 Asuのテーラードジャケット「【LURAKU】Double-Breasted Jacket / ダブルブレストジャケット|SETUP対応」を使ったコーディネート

--

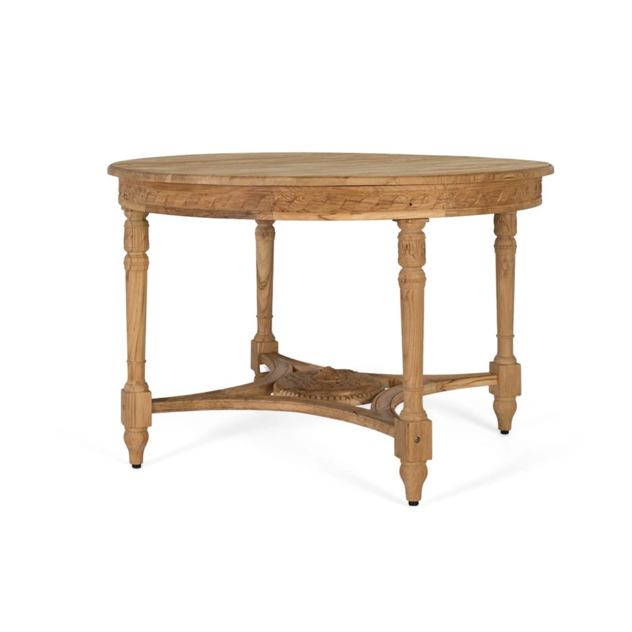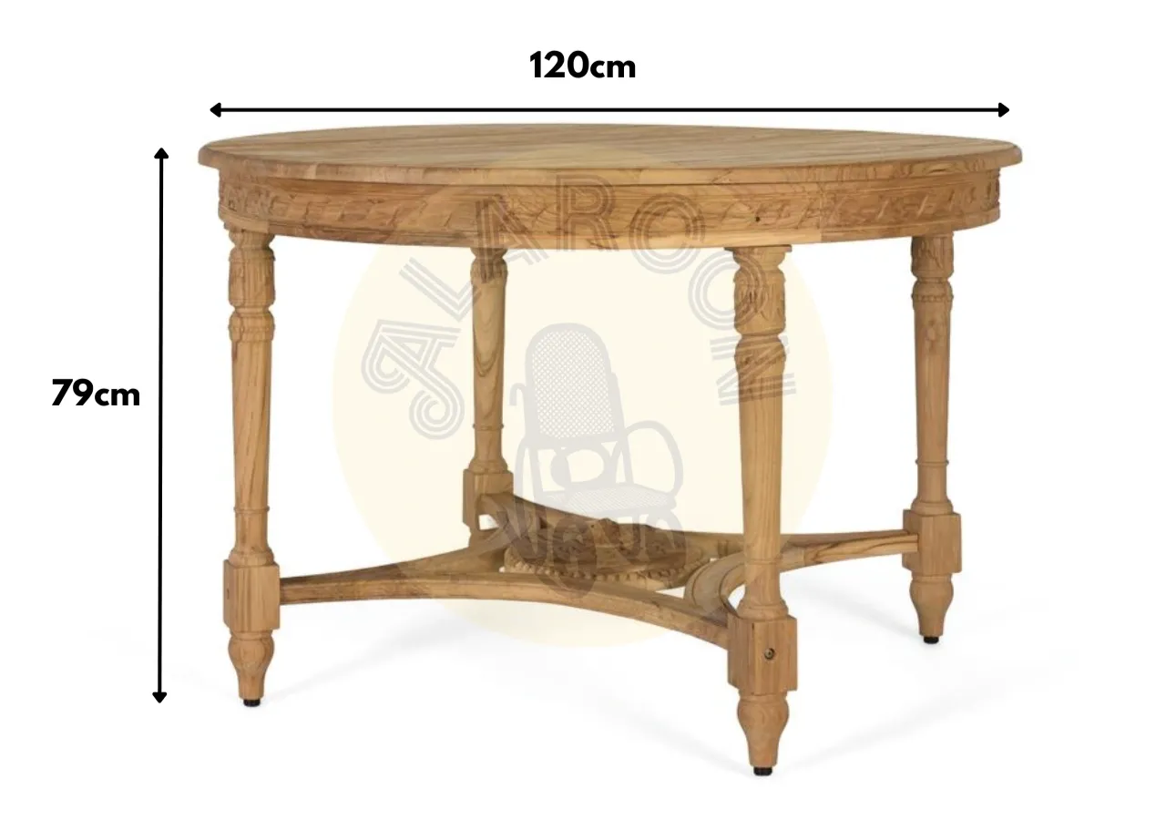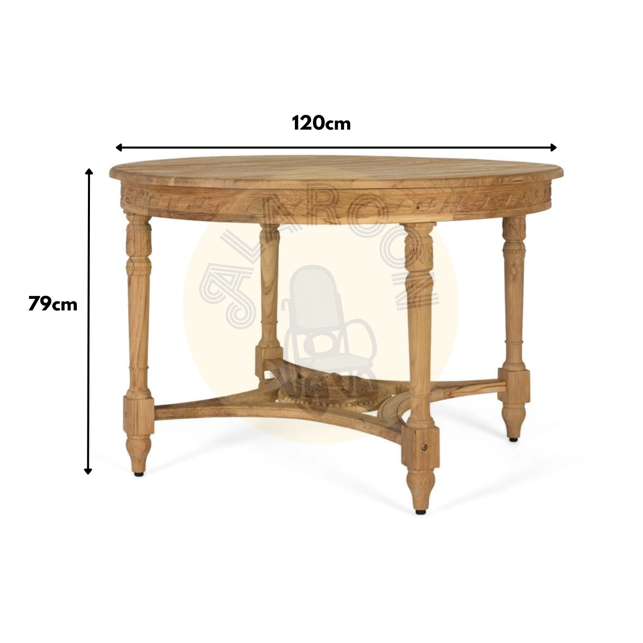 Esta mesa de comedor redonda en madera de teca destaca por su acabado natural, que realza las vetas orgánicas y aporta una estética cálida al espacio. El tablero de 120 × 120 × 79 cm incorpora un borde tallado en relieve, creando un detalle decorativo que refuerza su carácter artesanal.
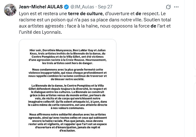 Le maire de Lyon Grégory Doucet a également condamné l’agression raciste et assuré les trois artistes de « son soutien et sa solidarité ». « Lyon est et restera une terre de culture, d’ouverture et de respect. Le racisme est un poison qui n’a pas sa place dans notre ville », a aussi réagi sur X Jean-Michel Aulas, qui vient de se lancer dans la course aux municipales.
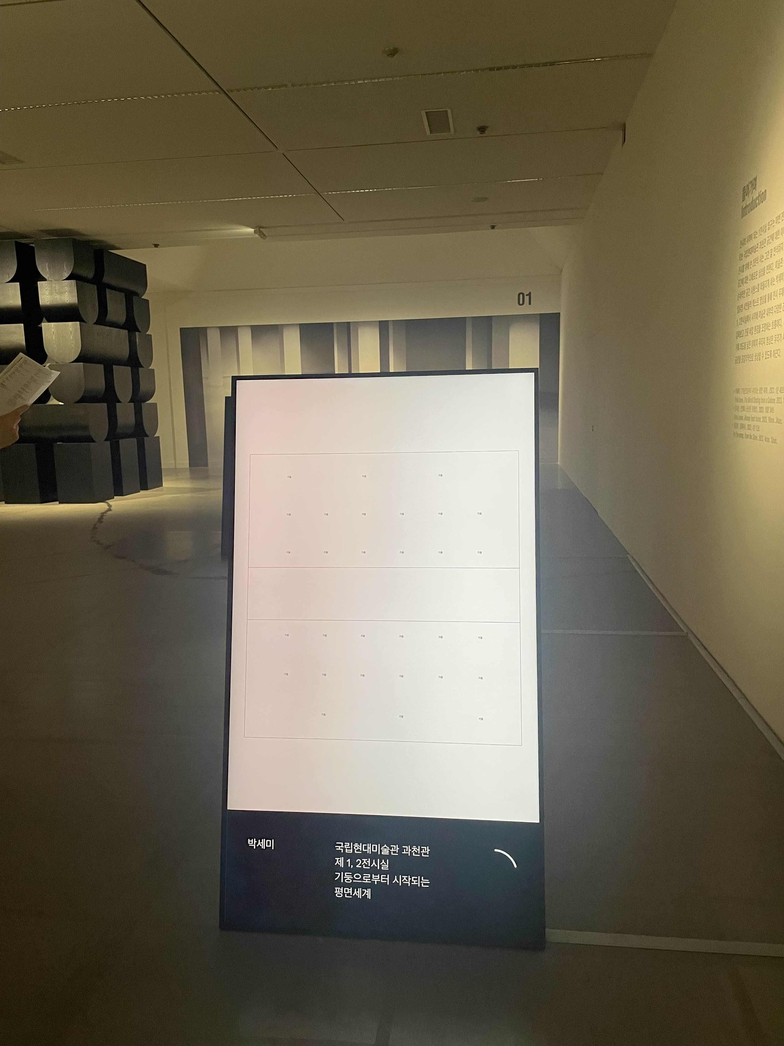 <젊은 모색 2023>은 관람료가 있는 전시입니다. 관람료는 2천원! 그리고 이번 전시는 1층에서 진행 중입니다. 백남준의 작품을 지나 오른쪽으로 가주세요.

* * *

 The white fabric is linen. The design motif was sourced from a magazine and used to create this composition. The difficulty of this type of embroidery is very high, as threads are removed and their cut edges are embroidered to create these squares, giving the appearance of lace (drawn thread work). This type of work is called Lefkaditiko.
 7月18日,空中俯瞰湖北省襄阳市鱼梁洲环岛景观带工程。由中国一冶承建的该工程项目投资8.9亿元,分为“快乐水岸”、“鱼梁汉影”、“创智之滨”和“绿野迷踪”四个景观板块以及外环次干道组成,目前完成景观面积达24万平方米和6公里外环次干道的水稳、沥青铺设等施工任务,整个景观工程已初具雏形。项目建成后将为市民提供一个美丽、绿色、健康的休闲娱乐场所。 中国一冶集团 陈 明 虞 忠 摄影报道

ASSIGNMENT
Could you repeat, exactly, only the lines above starting at the one that has "Le maire de" and stopping after the one that has "<젊은 모색 2023>은", without the pictures?

YOUR RESPONSE
 Le maire de Lyon Grégory Doucet a également condamné l’agression raciste et assuré les trois artistes de « son soutien et sa solidarité ». « Lyon est et restera une terre de culture, d’ouverture et de respect. Le racisme est un poison qui n’a pas sa place dans notre ville », a aussi réagi sur X Jean-Michel Aulas, qui vient de se lancer dans la course aux municipales.
 <젊은 모색 2023>은 관람료가 있는 전시입니다. 관람료는 2천원! 그리고 이번 전시는 1층에서 진행 중입니다. 백남준의 작품을 지나 오른쪽으로 가주세요.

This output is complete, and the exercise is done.